In a noteworthy decision, the Bankruptcy Appellate Panel for the Ninth Circuit overturned a dismissal of a bankruptcy case, which the lower court had dismissed based on its belief that the landlord debtor was receiving rental income from a marijuana dispensary. The decision is significant because it holds that a bankruptcy cannot be dismissed simply because of the mere presence of a marijuana business or related proceeds in the case. Rather, under this decision, the dismissal of a bankruptcy must be supported by specific factual findings that demonstrate that the debtor violated federal law or that the bankruptcy trustee would be required to administer proceeds of a (federally) illegal business.

In In re Olson, 2018 WL 989263 (B.A.P. 9th Cir. Feb. 5, 2018), the debtor, a 92 year old, legally blind landlord, owned a small shopping center in which one of the tenants was a marijuana dispensary operating legally under California state law. In an effort to stay a scheduled foreclosure sale of her property, as well as to halt ongoing litigation with the dispensary tenant, the debtor filed a chapter 13 bankruptcy case. Following the commencement of the bankruptcy, the debtor continued to collect rent from the dispensary tenant, filed a motion to sell the shopping center for $3 million, and filed a proposed chapter 13 plan. The plan, however, never reached confirmation. Four months after commencing her bankruptcy, the Bankruptcy Court sua sponte dismissed the bankruptcy case based on its finding that the debtor “is leasing property for an unlawful purpose under federal law, although lawful under state law,” and, therefore, was receiving “illegal proceeds.”

On appeal, the Bankruptcy Appellate Panel overturned the dismissal, finding that the Bankruptcy Court had not articulated the legal basis for its ruling nor made any findings to support its conclusion that the debtor had violated federal law. The decision is noteworthy in that it rejects a per se rule for the dismissal of a bankruptcy case where the debtor is receiving rental income from a marijuana business; however, the concurrence opinion by Judge Maureen A. Tighe may garner more attention.

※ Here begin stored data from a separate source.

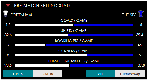 To see all the Tottenham v Chelsea betting stats and form, visit our pricing page to view our Pre-Match betting stats table or hover over/tap the chart image to see previous outcomes for that particular market.
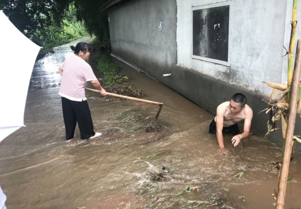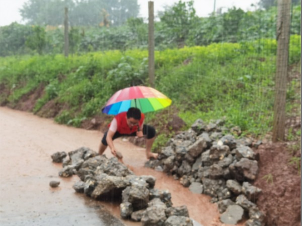 图为:蓬莱镇桅杆坝村(原豪子口村)驻村工作队队员鲜江涛冒雨疏通混泥土块排除积水。
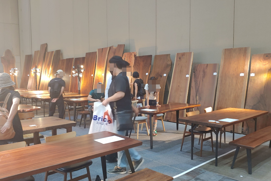지난번 전시회에도 나왔던 나무 탁자들 가까이서 보니 어마 무시한 가격입니다.
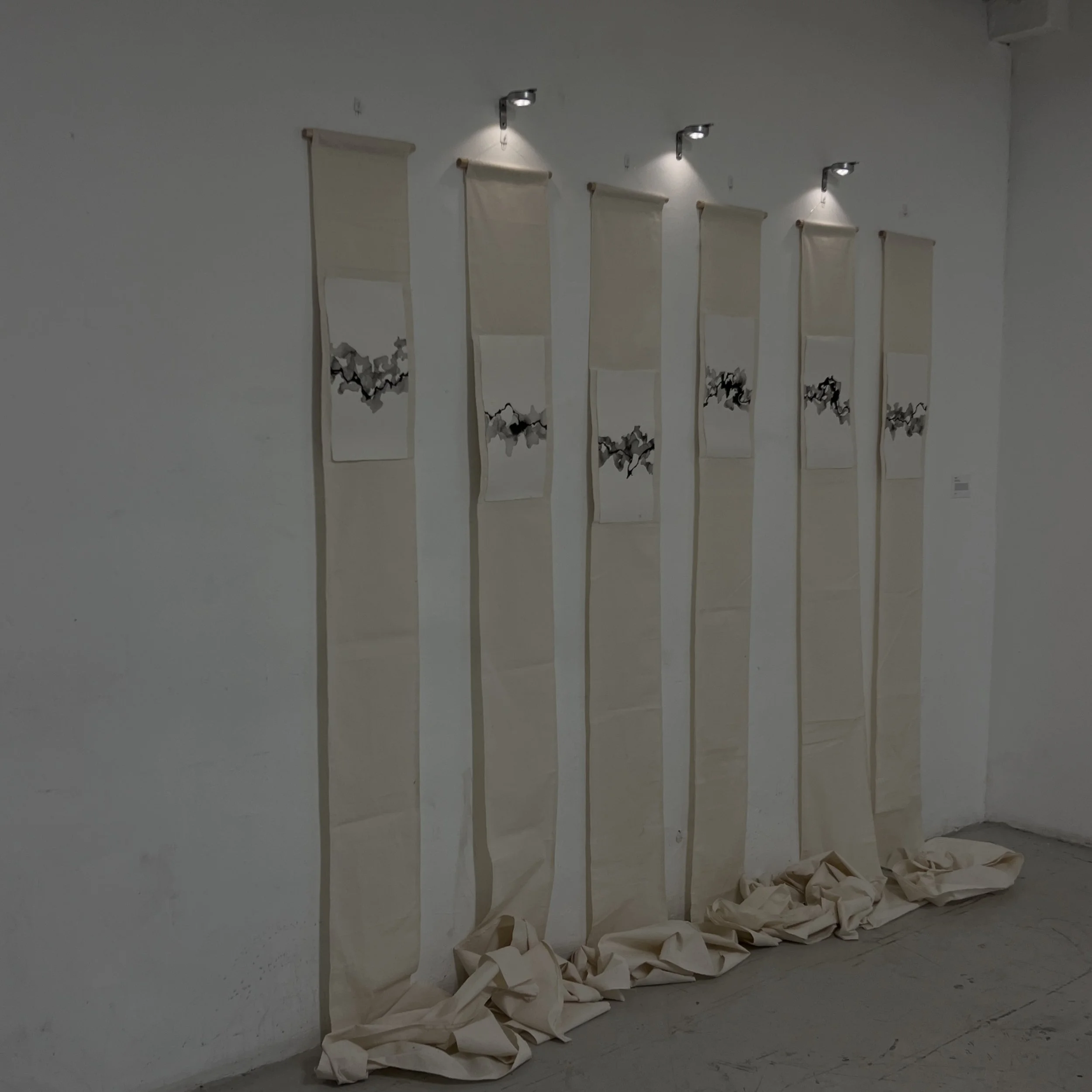 Material: Cloth, Hand-made paper, Acrylic Ink, Water / Dimensions: 1750mm x 2000mm (set of 6)
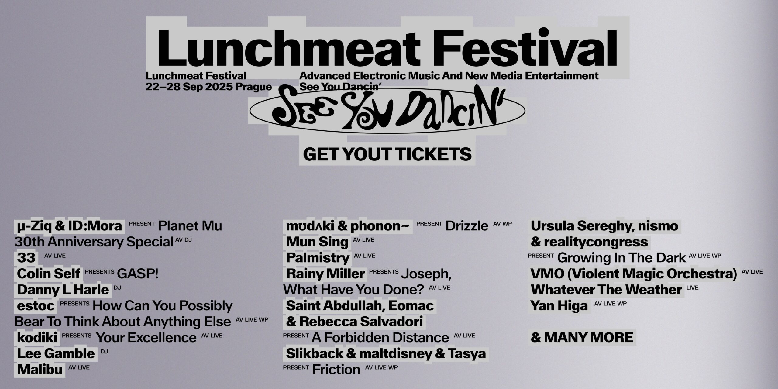 Po dvou vlnách oznámení line-upu už festival odhalil téměř dvě desítky jmen včetně čtyř světových premiér vytvořených na zakázku přímo pro Lunchmeat. Vedle nich se představí zvučná jména současné elektronické hudby, jako jsou Lee Gamble, Danny L Harle, Palmistry nebo Loraine James vystupující pod svým alter egem Whatever The Weather.
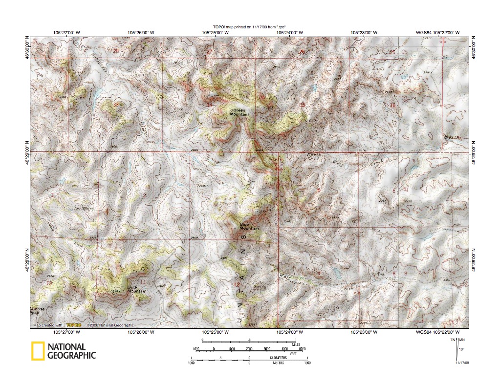 Figure 10: Tongue River-Powder River drainage divide area. United States Geological Survey map digitally presented using National Geographic Society TOPO software.
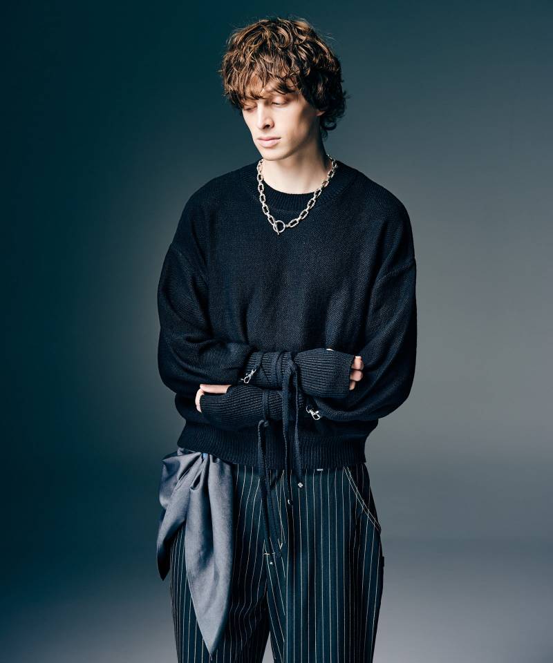 緩急あるシルエットメイキングでプルオーバーニットを再構築したCreed Knitが今季ならではの意匠を備えて登場。ミドルゲージの天竺裏目使いで仕立てたボディは従来よりもショート丈としたボックスシルエット。ロングリブで緩急ある輪郭にまとめたアームは袖口にサムホールを、さらに新たなギミックとしてニットテープを配しました。こちらはそのまま垂らしたり、リブに巻いてロックスタイルにしたりとアレンジが可能。今季のアクセサリーラインで用意されるストラップシリーズ(*)のさらなる重ね付けもブランドからの提案です。
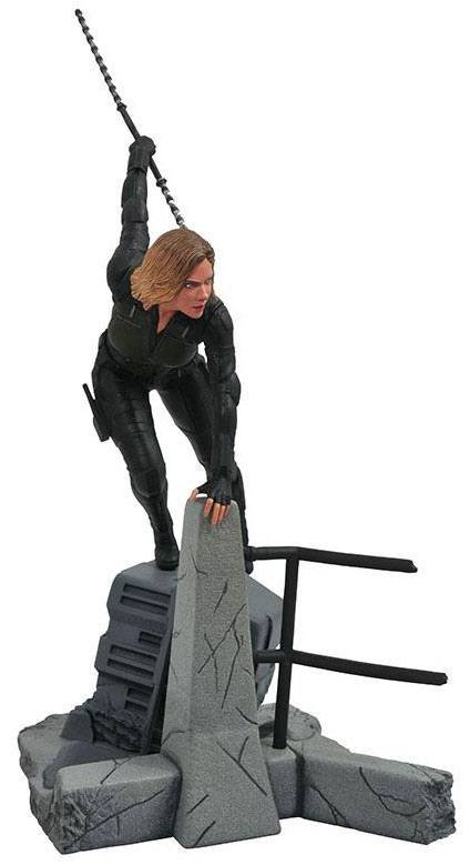This 23 cm scale sculpture of Black Widow shows her leaping over obstacles with her battle staff in hand. Featuring detailed sculpting and collectible-quality paint applications, this PVC plastic diorama comes packaged in a full-color window box. Sculpted by Rocco Tartamella!
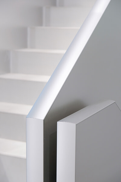 場所や建物自体の構造によって店内に差し込む光も異なるのでアルミの表情は各店舗で微妙に違ってきますが、ここISSEY MIYAKE GINZA/ 442でも、三宅一生のコンセプトである「一枚の布」のようにリサイクルされた一枚仕立てのアルミで空間が構成されています。要素をアルミに絞り、その素材感を活かしながら吉岡さんらしく細部まで丁寧に考えられた仕上げとなっています。
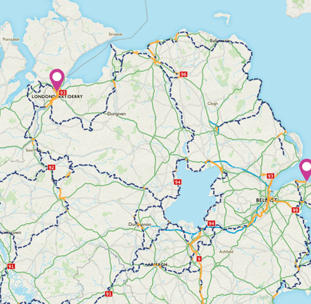 The major ones of these are alongside the Foyle in Derry; from Mossley to Belfast, and along the coast into Bangor.
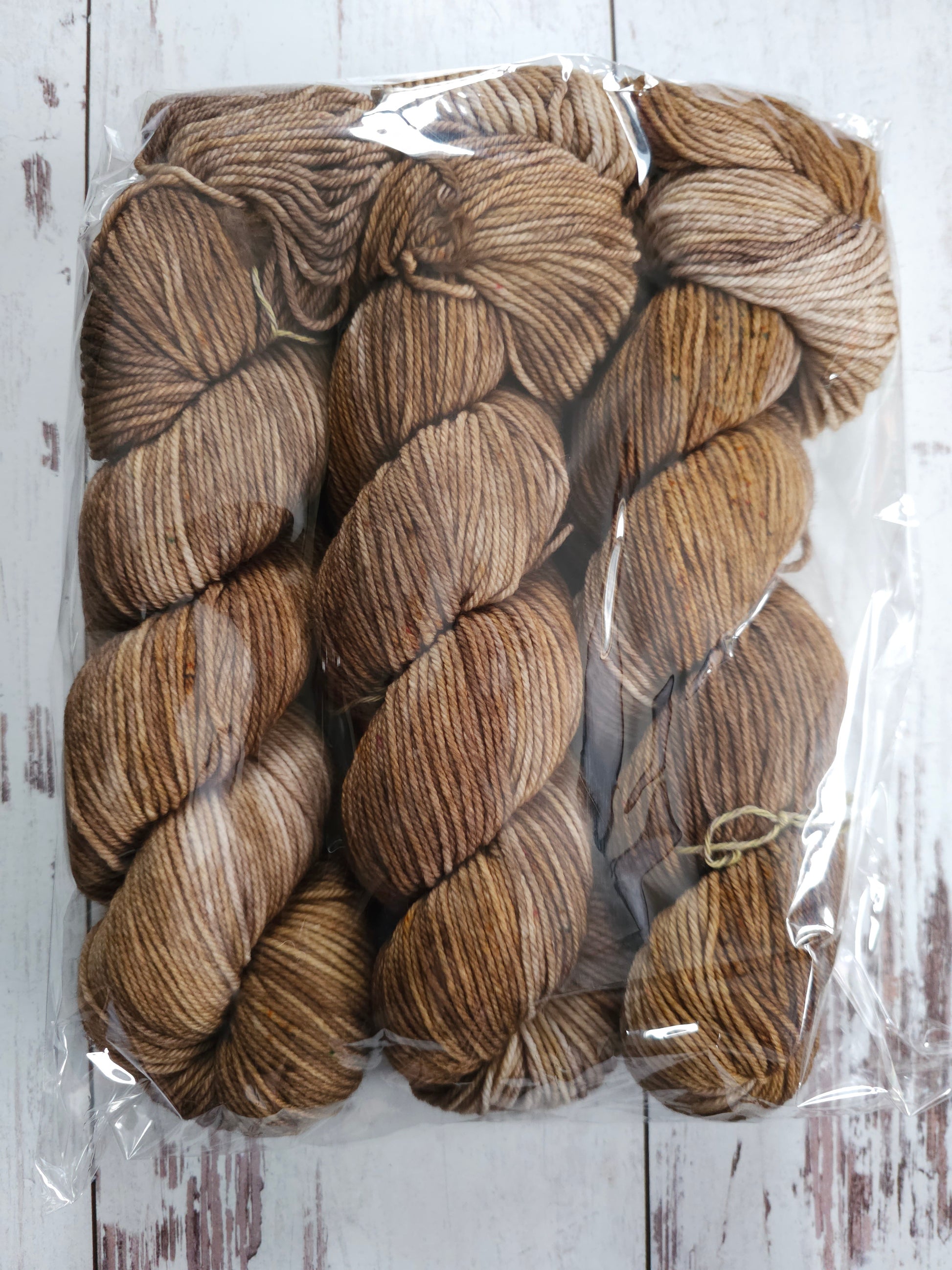 Three skeins of a low-contrast light brown variegate with toffee speckling on Deep Freeze DK.
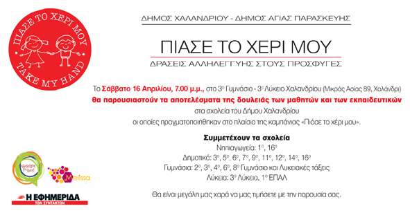 Το Σάββατο 16 Απριλίου, 7.00 μ.μ., στο 3ο Γυμνάσιο - 3ο Λύκειο Χαλανδρίου (Μικράς Ασίας 89, Χαλάνδρι) θα παρουσιαστούν τα αποτελέσματα της δουλειάς των μαθητών και των εκπαιδευτικών στα σχολεία του Δήμου Χαλανδρίου οι οποίες πραγματοποιήθηκαν στο πλαίσιο της καμπάνιας «Πιάσε το χέρι μου».
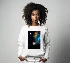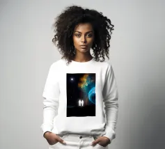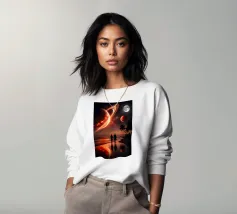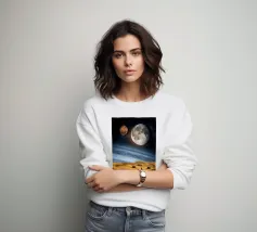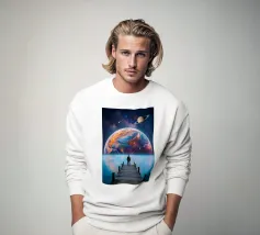 In dieser lebhaften digitalen Illustration steht der Mann in Ehrfurcht vor dem kosmischen Spektakel einer farbenfrohen Planetenfinsternis. Der Planet mit dem Namen Solaris hebt sich groß von der dunklen Weite des Weltraums ab, seine lebhaften Farbtöne wirbeln in einem surrealen Schauspiel aus Farbe und Licht. Der Mann, der sich vor dieser atemberaubenden Kulisse abhebt, ist in der Schönheit des Augenblicks versunken, sein Blick ist auf das sich vor ihm entfaltende Himmelswunder gerichtet. Die Szene fängt die stille Ehrfurcht und das Mysterium des Weltraums ein, denn das Kaleidoskop der Farben des Planeten kontrastiert mit der gewaltigen, unendlichen Schwärze, die ihn umgibt.
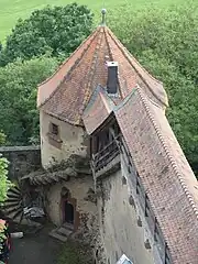 The keep, standing at a height of 32 meters,[21] features a round ground plan with a diameter slightly exceeding eight meters. Its masonry, which is consistent up to the helmet, is believed to belong to the earliest construction phase. In the thinner masonry of the spacious hall on the fourth floor, the remains of a staircase embedded in the wall indicate its connection to the Renaissance-era helmet. The original entrance can be observed on the courtyard side on the third floor, situated at a height of about ten meters, as a pointed arched gate. The two floors below served as dungeons and were only accessible from above via a fear hole in the vault. The current windows were installed in 1581, requiring the wall to be broken through for their installation when it was intended to use these floors for residential purposes as well. In the 15th century, a new lateral access had already been created through an attached stair tower with a spiral staircase. Consequently, the 57-step spiral staircase within the keep only commences on the third floor and starts above a three-armed arch, likely because the original hole to the dungeon was not yet covered.[22]

Noting that over twenty-five states allow medical or recreational use of marijuana, Judge Tighe emphasized the need for bankruptcy courts to issue specific findings for how a debtor has violated federal law so as to “to avoid incorrectly deeming a debtor a criminal and denying both debtor and creditors the benefit of the bankruptcy laws.” Focusing on section 856(a)(2) of Title 21, which prohibits a person from knowingly and intentionally allowing property to be used for the distribution of illegal drugs, Judge Tighe noted that the debtor could only be said to have violated that criminal statute upon a showing, “beyond a reasonable doubt,” that she knew the tenant was operating a marijuana dispensary and that she intended to allow that use. In other words, “the presence of marijuana near the case should not cause mandatory dismissal.”

Ultimately, based on the holding in Olson, courts will need fully developed evidentiary records before dismissing a bankruptcy case for violating federal law due to, e.g., the debtor receiving rental income from a dispensary tenant. Consequently, this may result in increased costs for the United States Trustee who, as reported here, has taken the position that a debtor’s participation in the marijuana industry – no matter how tangential – must result in the dismissal of the bankruptcy case. Additionally, the requirement for factual findings opens the door for courts to create exceptions based on the facts and equities of individual cases. The decision also suggests that a debtor may escape dismissal by refusing to accept rental payments from, e.g., a marijuana dispensary tenant and rejecting the lease under section 365 of the Bankruptcy Code.